Setting the Response Body

The response from an annotated cell may be set in one of two ways:

  1. Writing to stdout in a notebook cell
  2. Emitting output in a notebook cell

The first method is preferred because it is explicit: a cell writes to stdout using the appropriate language statement or function (e.g. Python print, Scala println, R print, etc.). The kernel gateway collects all bytes from kernel stdout and returns the entire byte string verbatim as the response body.

The second approach is used if nothing appears on stdout. This method is dependent upon language semantics, kernel implementation, and library usage. The response body will be the content.data structure in the Jupyter execute_result message.

In both cases, the response defaults to status 200 OK and Content-Type: text/plain if cell execution completes without error. If an error occurs, the status is 500 Internal Server Error. If the HTTP request method is not one supported at the given path, the status is 405 Not Supported. If you wish to return custom status or headers, see the next section.

See the api_intro.ipynb notebook for basic request and response examples.

Setting the Response Status and Headers

Annotated cells may have an optional metadata companion cell that sets the HTTP response status and headers.

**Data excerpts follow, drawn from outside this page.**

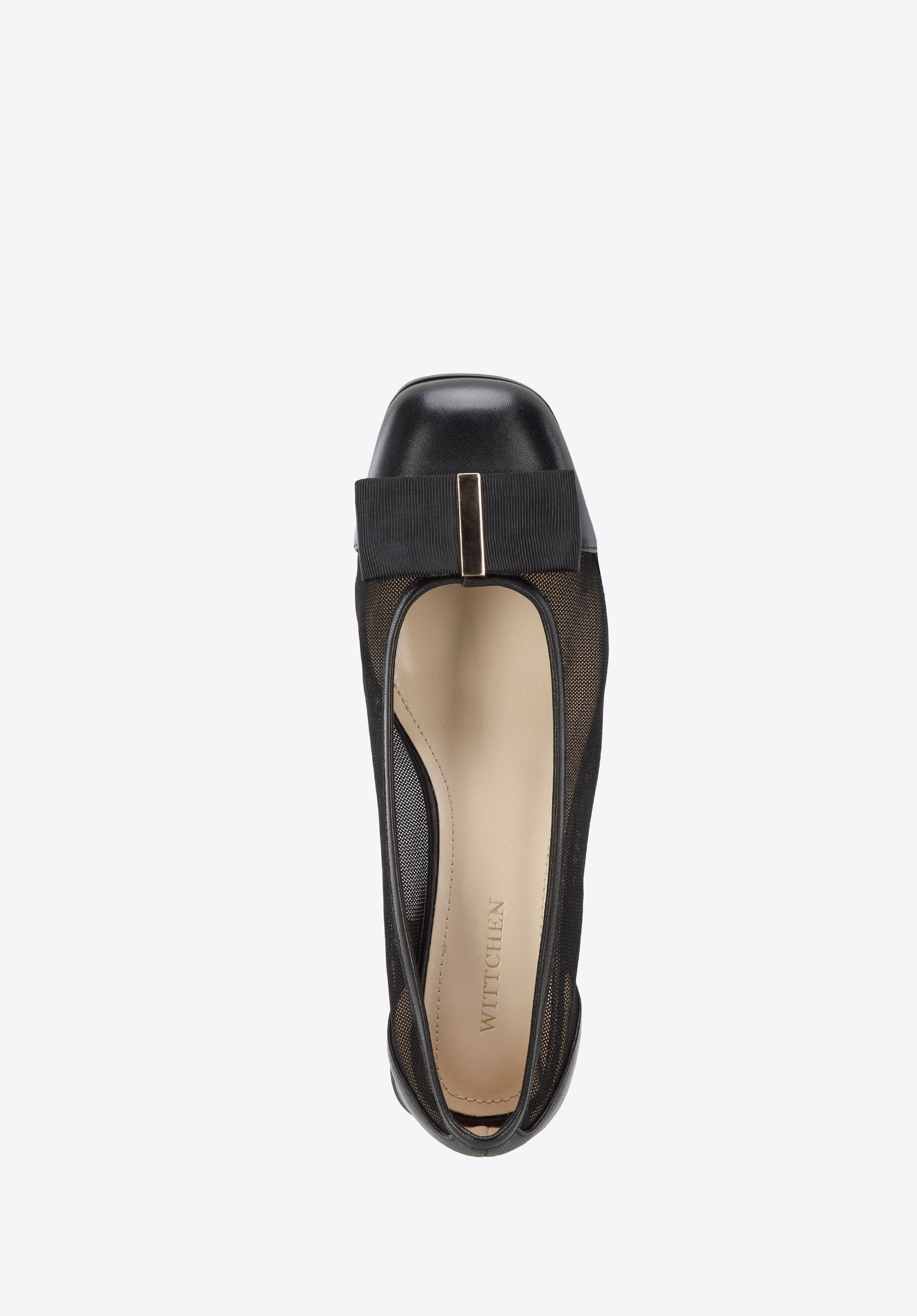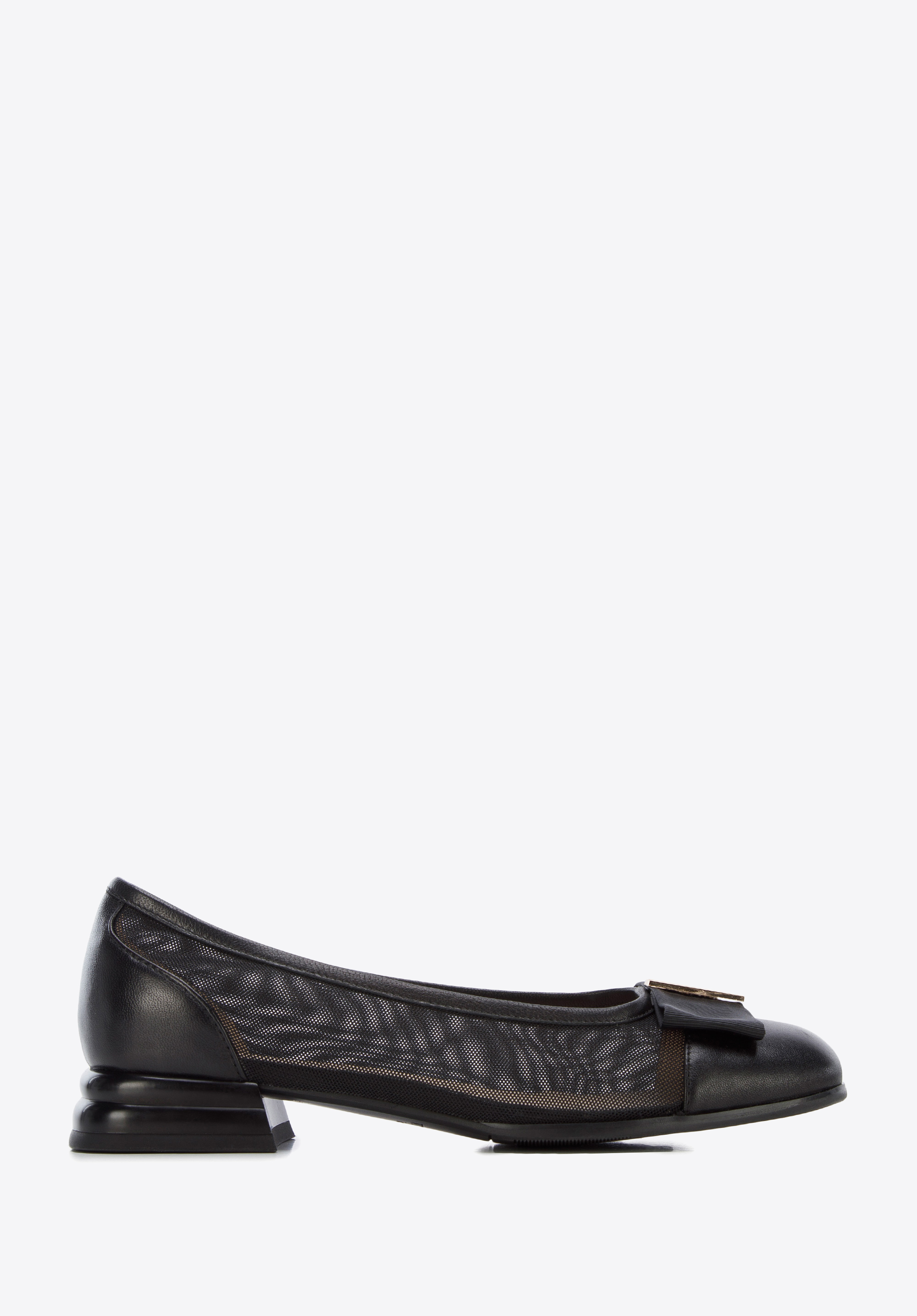 wykonane z transparentnej siateczki, a palce i piętę obszyte mają skórą naturalną.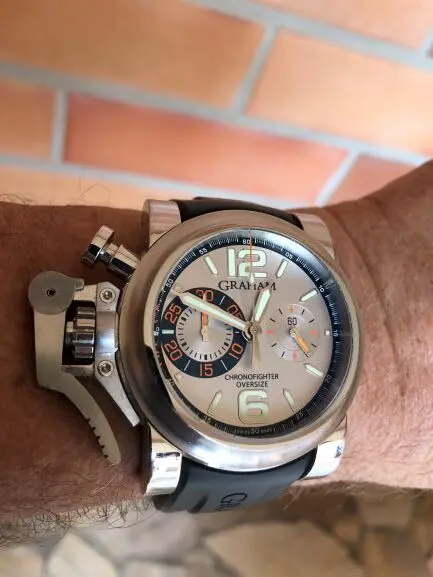 Graham Chronofighter Oversize Ranger gentlemans watch, Stainless steel bezel. Silver colored dial with 2 sub-dials. Luminous hour markers and hour, minute hands. Stainless steel crown and pushers. Automatic C.O.S.C. movement. Rubber strap with stainless steel pin buckle. Hours, minutes, seconds and chronograph. Water resistant up to 100 meters / 330 feet.Gekauft am 23.12.2015
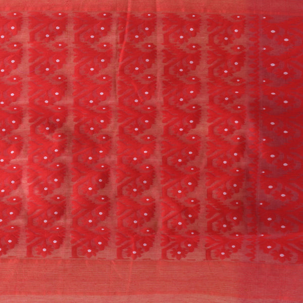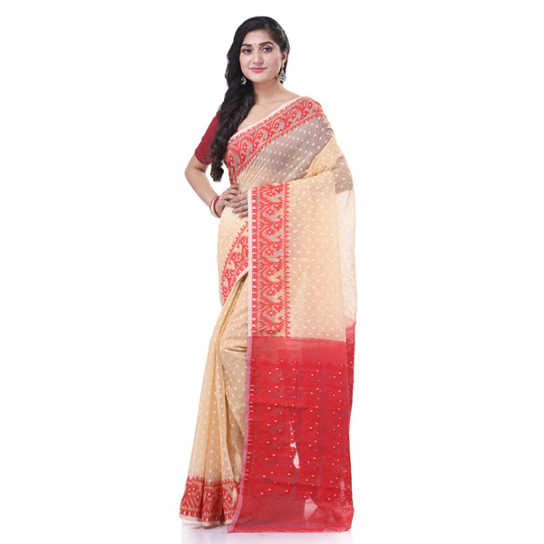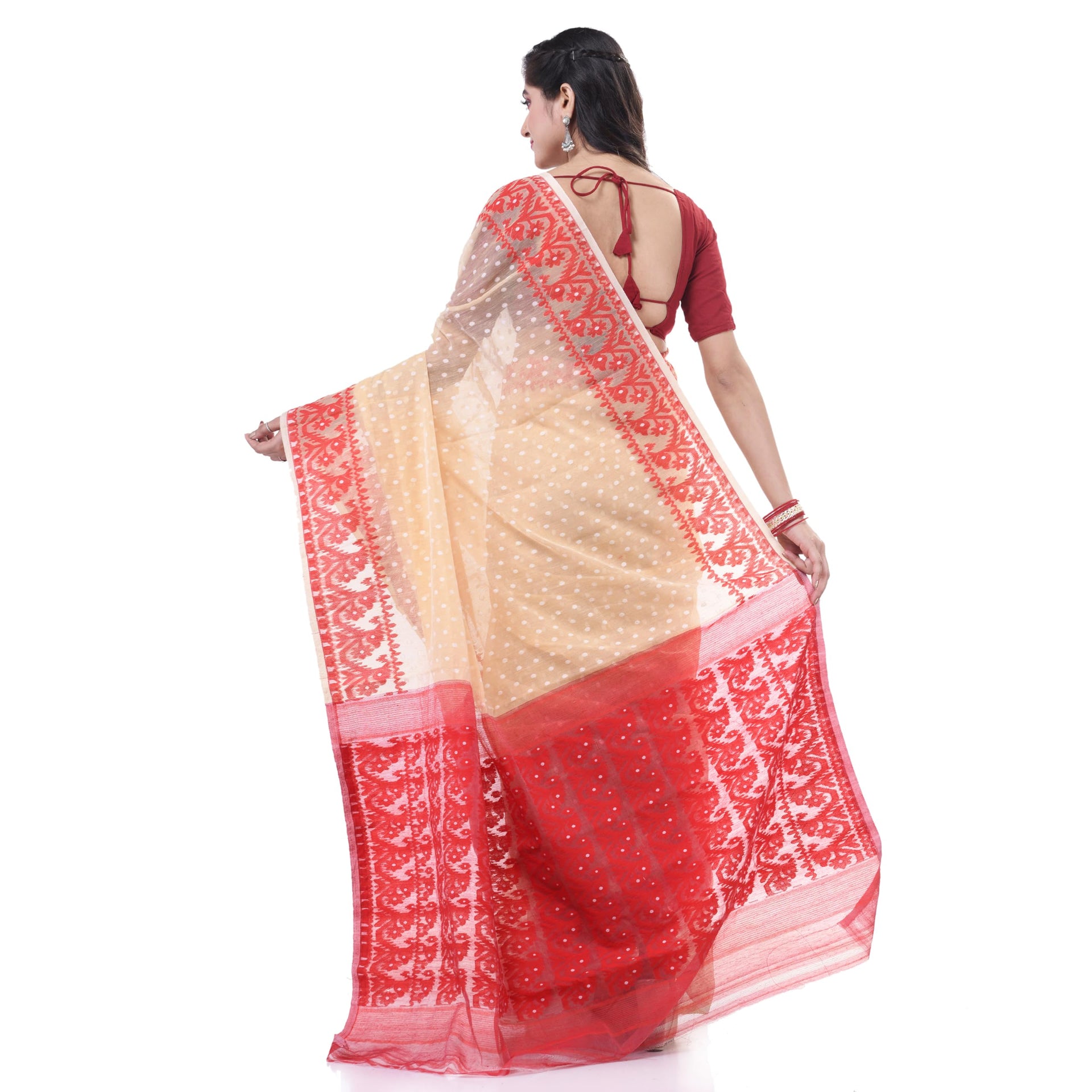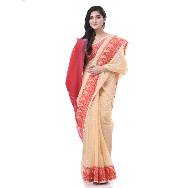 dB DESH BIDESH Women`s Resham Dhakai Jamdani Cotton Handloom Saree Hajar Buti Design Jamdani Saree (Cream Red)
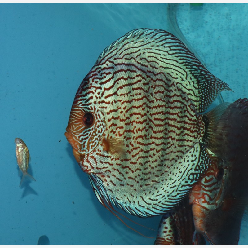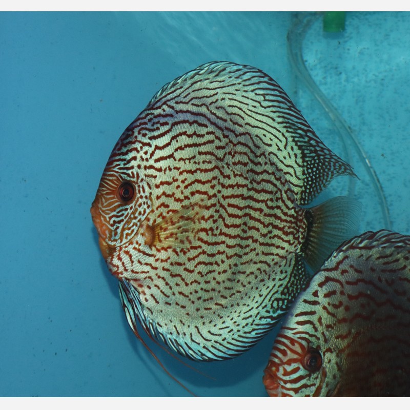 Discusaanbieding van de maand April: prachtige Brilliant Turquoise discusvissen van 7-8 cm, normaal € 39,95 nu slechts € 22,50.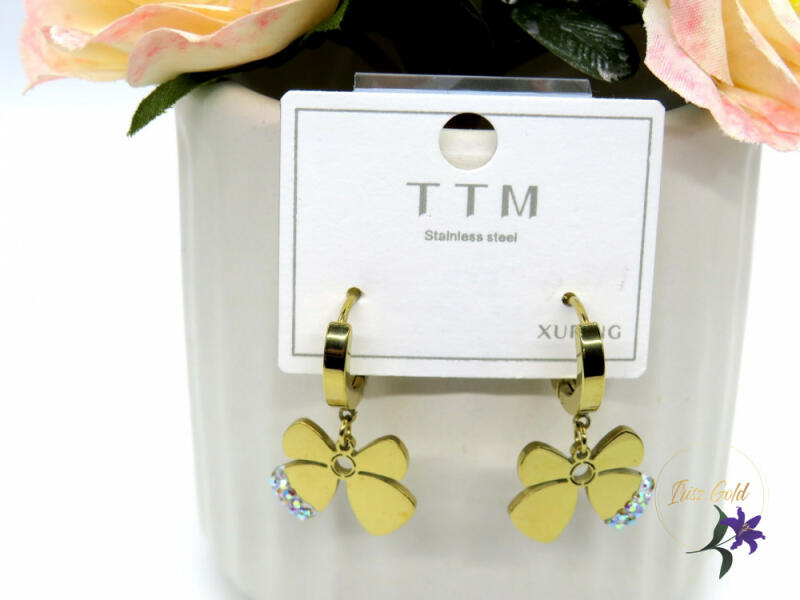 Gyönyörű pillangó nemesacél fülbevaló pici csillogó kövekkel Szin: 18 Kr Méret:25x18 mm Zár Karika :10 mm A forgalmazott divatékszerek alapanyaga nikkel és ólommentes ezért többnyire nem okoznak allergiás tüneteket, nyugodtan hordhatják fémérzékeny emberek is. Általában nem színezik a bőrt és más divatékszerekhez képest nagyságrendekkel jobb kopásállósággal rende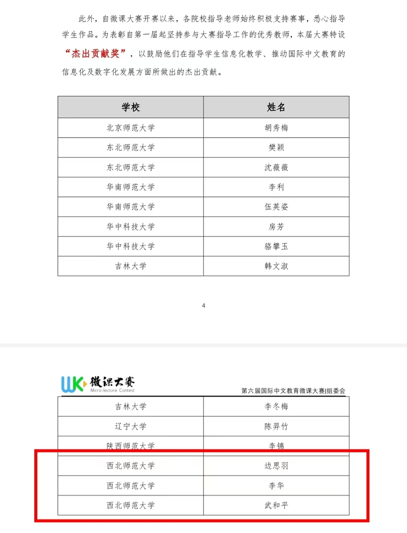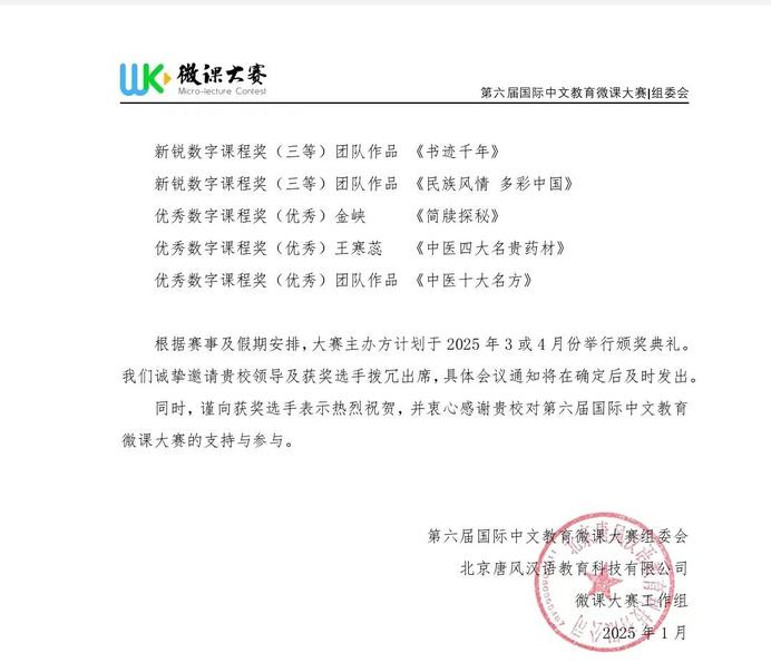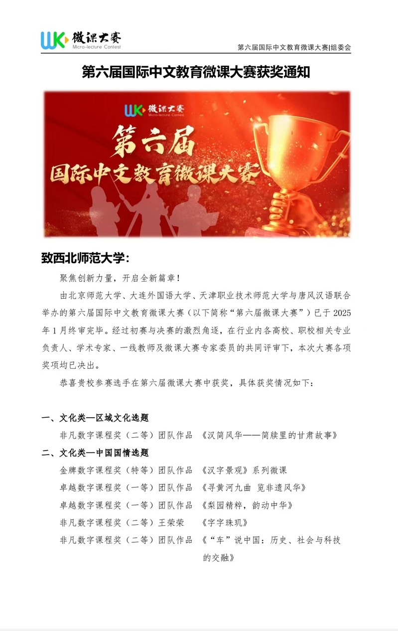 近日,由北京师范大学国际中文教育学院、大连外国语大学汉学院、天津职业技术师范大学外国语学院联合北京唐风汉语教育科技有限公司共同举办的第六届国际中文教育微课大赛圆满收官。西北师大学子凭借扎实的专业知识与创新思维,在众多参赛者中脱颖而出,斩获一项“金牌数字课程奖(特等奖)”,两项“卓越数字课程奖(一等奖)”,三项“非凡数字课程奖(二等奖)”,两项“新锐数字课程奖(三等奖)”和三项“优秀数字课程奖(优秀奖)”,获奖数量居甘肃省高校前列。国际文化交流学院武和平、边思羽、李华荣获“杰出贡献奖”,武和平、刘晓玲、罗堃、李乐、付文莉、朱兴飞荣获“最佳指导教师奖”。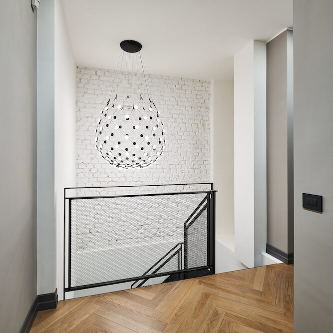 Dal salottino di ingresso, il passo del visitatore è catturato dall’elemento attrattivo dello chandelier gioiello che, installato sul vano scale, invita a scoprire l’atmosfera dal fascino autentico del piano undergroud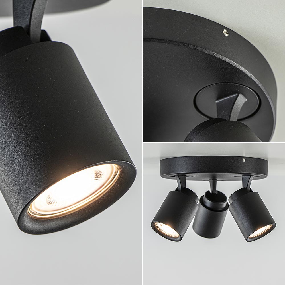 – hoogte: 16 cm – spots: Ø6,5×9 cm – bevestiging: Ø21×3 cm – metaal – mat zwart – verstelbaar – exclusief lichtbron (3x GU10) – dimbaar (exclusief)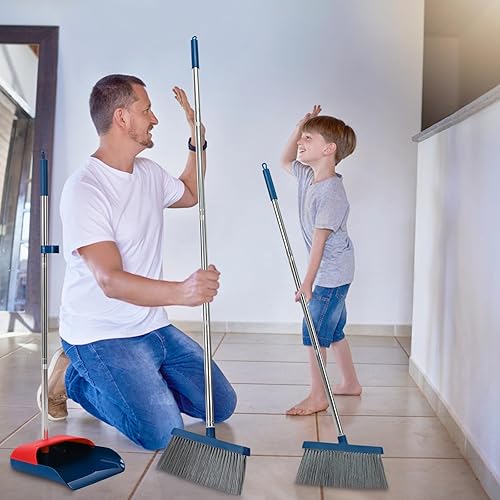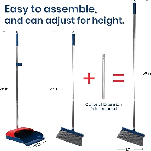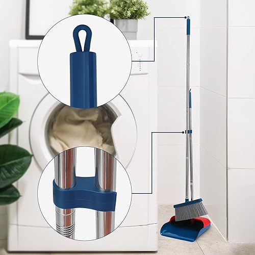 TreeLen Ensemble Balai Debout avec Pelle à Poussière, Balai avec Manche de 50” de Long, 20° Anglé pour Un Nettoyage Ergonomique à la Maison ou au Bureau, Blanc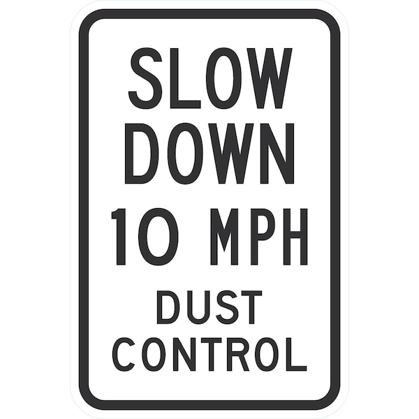 Slow Down 10 Mph Dust Control, 12x18, High Intensity Prismatic, White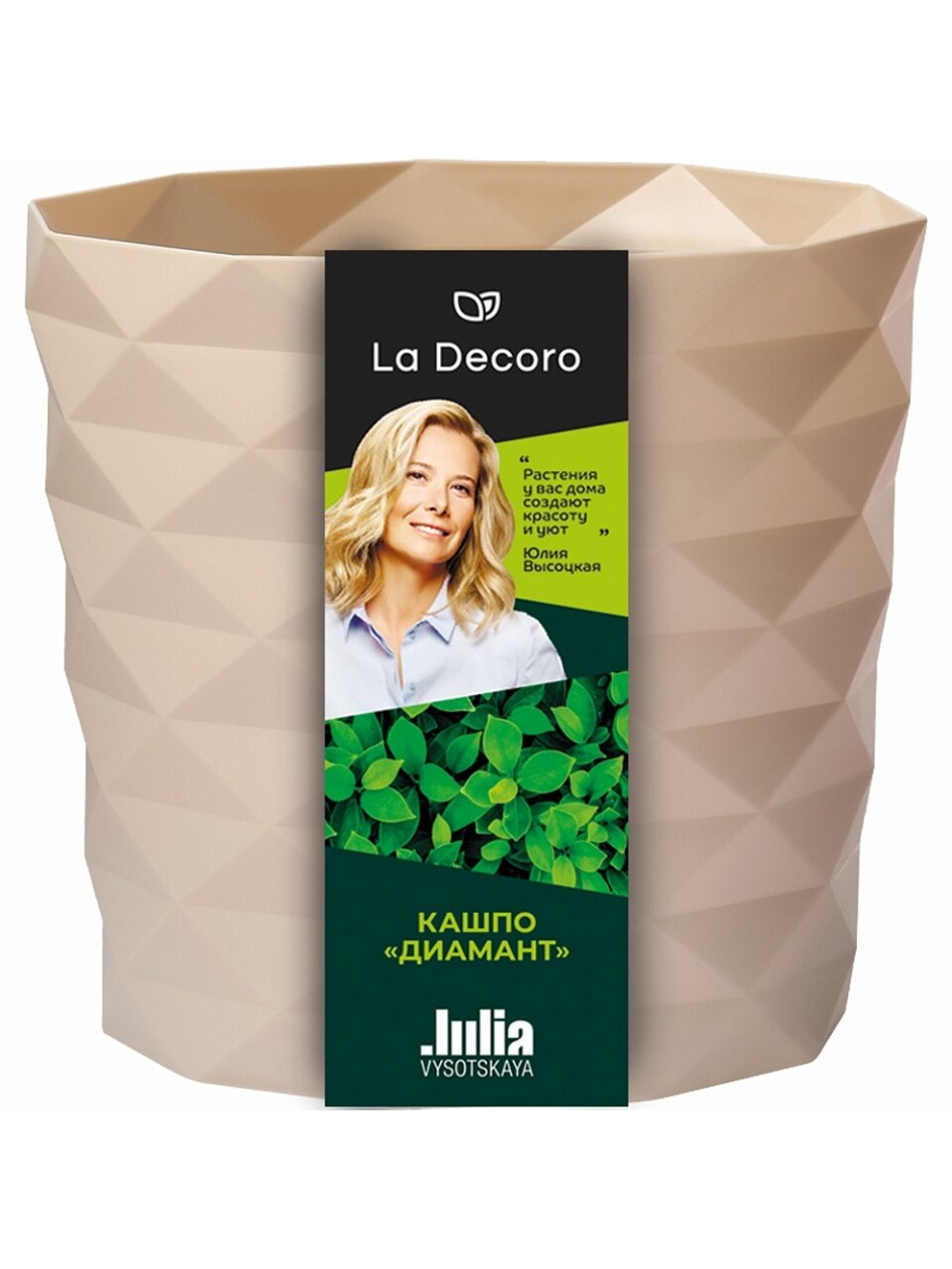 Кашпо пластик, 3 л, 17.7х17.7х16.5 см, универсальное, пудровое, La Decoro, Диамант, КШ-4639

Consider this Python cell that creates a person entry in a database table and returns the new row ID in a JSON object:

# POST /person
req = json.loads(REQUEST)
row_id = person_table.insert(req['body'])
res = {'id' : row_id}
print(json.dumps(res))

Now consider this companion cell which runs after the cell above and sets a custom response header and status:

# ResponseInfo GET /hello/world
print(json.dumps({
    "headers" : {
        "Content-Type" : "application/json"
    },
    "status" : 201
}))

Currently, headers and status are the only fields supported. headers should be an object of key-value pairs mapping header names to header values. status should be an integer value. Both should be printed to stdout as JSON.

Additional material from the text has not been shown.